Barge Builds Boston's Big Box Bridge
A Flexifloat crane barge was the key to building the Storrow Drive Bridge over Boston's Charles River.
Mounted on the barge's deck, a Manitowoc 4100W crawler crane with a Ringer attachment was used to lift and set the bridge's massive box girder segments.
The Storrow Drive bridge has three spans totaling 830 feet in length. The bridge's 76-foot roadway will accommodate four lanes of traffic and is carried by a continuous, variable-depth composite steel box girder with cantilevered floor beams. The trapezoidal box girder measures almost 35 feet wide at the top flange and is 18 feet deep at the main piers. It is one of the largest steel box girders in North America.
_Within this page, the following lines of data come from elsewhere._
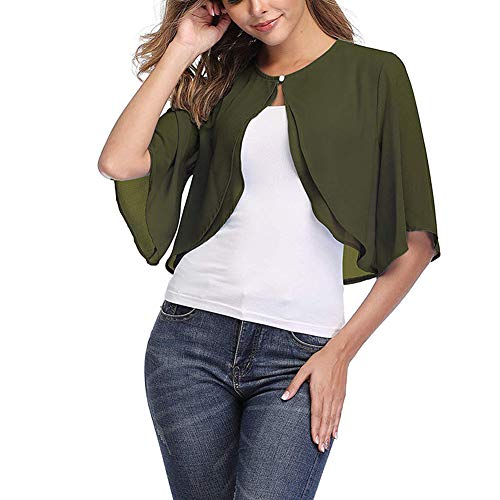 Tidecc - Coprispalle da donna, in chiffon a maniche corte, con apertura frontale Verde 14-16
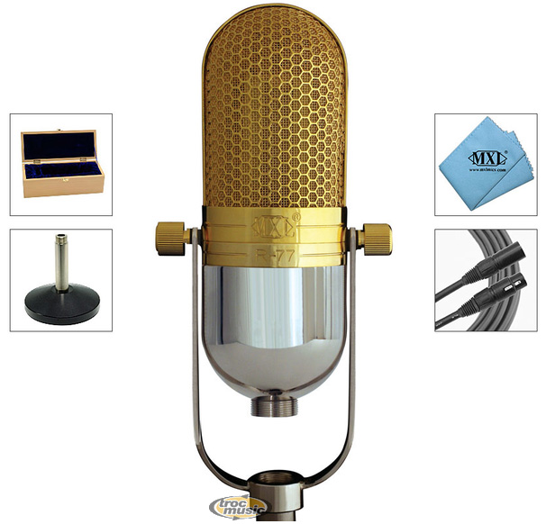 Le MXL R77L est un micro à ruban équipé d'un transformateur Lundahl d'une finition en métal chrome et dorée irréprochable. Ribbon Element : 1.8-micron aluminum ribbon. Frequency Range : 20Hz -18kHz. Polar Pattern : Figure 8. Sensitivity : -55 dB (0 dB=1V/Pa). Impedance : 270 ohms. Rated Load Impedance : >1500 Ohms. Max SPL for 0.1% THD : >135 dB @1 kHz. Size : 65mm x 180mm/2.56 in x 7.09 in.
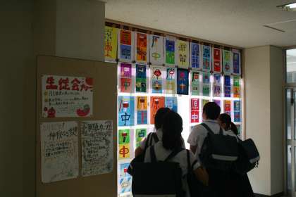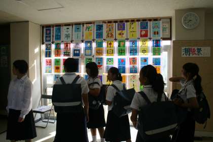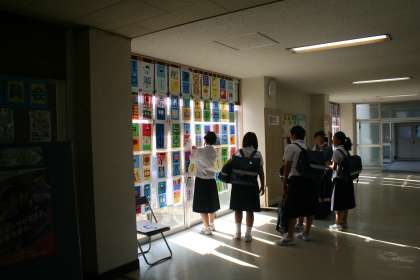 1年生の生徒たちが下駄箱の所に集まって、なにやら上を見上げているので、尋ねると、「夏休みの宿題のポスター展示です。」と教えてくれました。
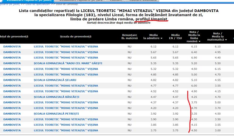 Spre exemplu, la liceul Teoretic Mihai Viteazu din Vișina, județul Dâmbovița, au intrat la clasă de filologie un număr de 17 elevi care au luat sub 5 la examenul de la română. Cele mai mici medii cu care s-a intrat la filologie a fost 1,7 și 1,8, arată NewsWeek.
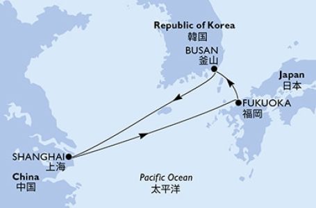 *Към цената е дължима и допълнителна такса обслужване на кораба в размер на 0 € / 0 лв.- Маршрут на круиза: Шанхай - В открито море - Фукуока - Бусан - В открито море - Шанхай
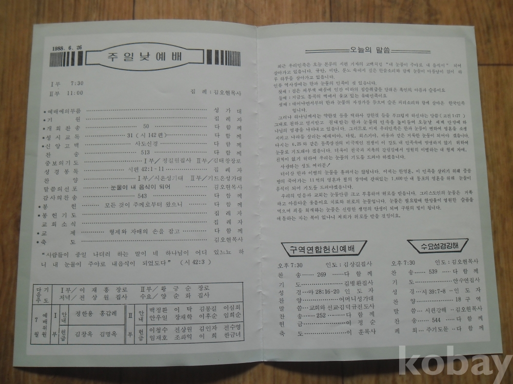 1988년 서울 장위중앙교회 주보

General contractor Daniel O'Connell's Sons, Inc. of Holyoke, Massachusetts constructed the bridge as part of the city's $7.7 billion Central Artery Project. O'Connell's engineers determined that placement of the over-water girder sections could best be accomplished using a 300-ton capacity Manitowoc Ringer crane mounted on a barge. However, the narrow 40-foot wide locks at the Charles River Dam precluded access to the site by conventional barges of sufficient size to safely support and work the 788,000-pound machine. To gain the needed barge access, the contractor called on Robishaw Engineering for assistance.
For this application, we designed and proposed a Flexifloat Series S-70 assembly comprised of 18 Quadrafloats and 13 Duofloats. These modules were trucked around the narrow locks to the construction site on the Charles River, offloaded and assembled in the water into a 110-foot by 110-foot "T"-shaped assembly. This arrangement provided adequate buoyancy and structural capacity to support a total deck load of over 1.5 million pounds. Configuring the modules into a "T"-shaped assembly permitted the center pin of the machine to be positioned within 48 feet of the edge of the hull while retaining excellent barge stability under all anticipated load conditions. The design allowed the Manitowoc crane sufficient outboard reach to lift and accurately place the largest 194-ton bridge girder segment while maintaining a barge inclination of less than 2 degrees.
Daniel O'Connell's is the first of two Flexifloat barges used to support ringer cranes for the Boston Central Artery/Tunnel project.